As a learning experiment, I am interested in creating a hashtable in assembly (x86-64 in NASM on OSX). One of the requirements is to be able to dynamically allocate/manage memory.
After looking through many resources on how to allocate memory in assembly, most of them recommend either brk
or mmap
syscalls. I haven't learned exactly how these worked yet because I found another implementation of memory allocation in BareMetal-OS that doesn't use any system calls (copied their code below).
My question is, how are they doing this? Can you explain the relevant instructions in their assembly that perform the memory allocation, for someone without a systems programming background and who is new to assembly? The reason for wanting to understand how to implement memory allocation in assembly is to be able to implement a hashtable in assembly.
Being new to assembly (I mainly do JavaScript), and having not found any detailed resources yet on memory allocation in assembly, I don't know where to start. It may be obvious to you, but you have the background, which I don't. I have done some assembly the past week or two, so I understand the basics about mov
on registers, and the jump commands, but don't yet understand the additional stuff they are doing to implement this memory stuff. My thinking is, if they can implement memory allocation in assembly without brk
or mmap
, then I want to do it that way because then I really am manipulating the memory directly without any system layers, and it seems like you can really fine-tune stuff.
Here is their code copied from GitHub:
https://github.com/ReturnInfinity/BareMetal-OS/blob/master/os/syscalls/memory.asm
# =============================================================================
# BareMetal -- a 64-bit OS written in Assembly for x86-64 systems
# Copyright (C) 2008-2014 Return Infinity -- see LICENSE.TXT
#
# Memory functions
# =============================================================================
align 16
db 'DEBUG: MEMORY '
align 16
# -----------------------------------------------------------------------------
# os_mem_allocate -- Allocates the requested number of 2 MiB pages
# IN: RCX = Number of pages to allocate
# OUT: RAX = Starting address (Set to 0 on failure)
# This function will only allocate continuous pages
os_mem_allocate:
push rsi
push rdx
push rbx
cmp rcx, 0
je os_mem_allocate_fail # At least 1 page must be allocated
# Here, we'll load the last existing page of memory in RSI.

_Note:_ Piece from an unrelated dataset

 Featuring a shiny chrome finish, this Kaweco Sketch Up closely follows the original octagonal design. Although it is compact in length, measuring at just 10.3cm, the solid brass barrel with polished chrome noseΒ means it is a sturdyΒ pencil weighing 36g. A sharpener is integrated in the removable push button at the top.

# RAX and RSI instructions are purposefully interleaved.
xor rax, rax
mov rsi, os_MemoryMap # First available memory block
mov eax, [os_MemAmount] # Total memory in MiB from a double-word
mov rdx, rsi # Keep os_MemoryMap unmodified for later in RDX
shr eax, 1 # Divide actual memory by 2
sub rsi, 1
std # Set direction flag to backward
add rsi, rax # RSI now points to the last page
os_mem_allocate_start: # Find a free page of memory, from the end.
mov rbx, rcx # RBX is our temporary counter
os_mem_allocate_nextpage:
lodsb
cmp rsi, rdx # We have hit the start of the memory map, no more free pages
je os_mem_allocate_fail
cmp al, 1
jne os_mem_allocate_start # Page is taken, start counting from scratch
dec rbx # We found a page! Any page left to find?

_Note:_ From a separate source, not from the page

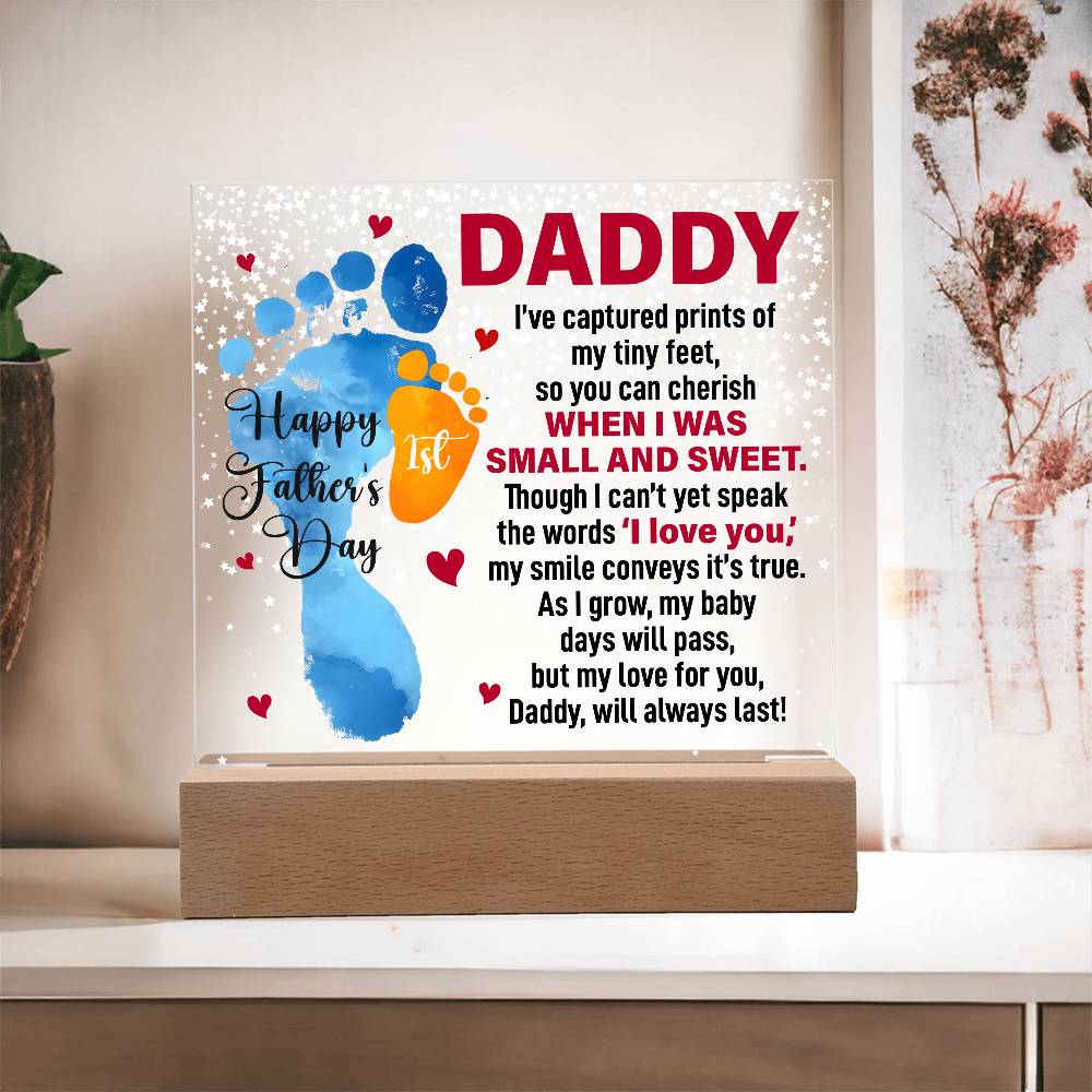 Your plaque will be crafted from premium acrylic with a professionally printed design for a polished look. It comes with a stylish wooden LED base, and you can choose between a USB plug-in option OR a cordless battery-operated option (requires 2 AAA batteries, not included). Both LED bases feature 7 vibrant colors, allowing the user to customize the lighting with various color changes and dynamic cycles.

jnz os_mem_allocate_nextpage
os_mem_allocate_mark: # We have a suitable free series of pages. Allocate them.
cld # Set direction flag to forward
xor rdi, rsi # We swap rdi and rsi to keep rdi contents.
xor rsi, rdi
xor rdi, rsi
# Instructions are purposefully swapped at some places here to avoid
# direct dependencies line after line.
push rcx # Keep RCX as is for the 'rep stosb' to come
add rdi, 1
mov al, 2
mov rbx, rdi # RBX points to the starting page
rep stosb
mov rdi, rsi # Restoring RDI
sub rbx, rdx # RBX now contains the memory page number
pop rcx # Restore RCX
# Only dependency left is between the two next lines.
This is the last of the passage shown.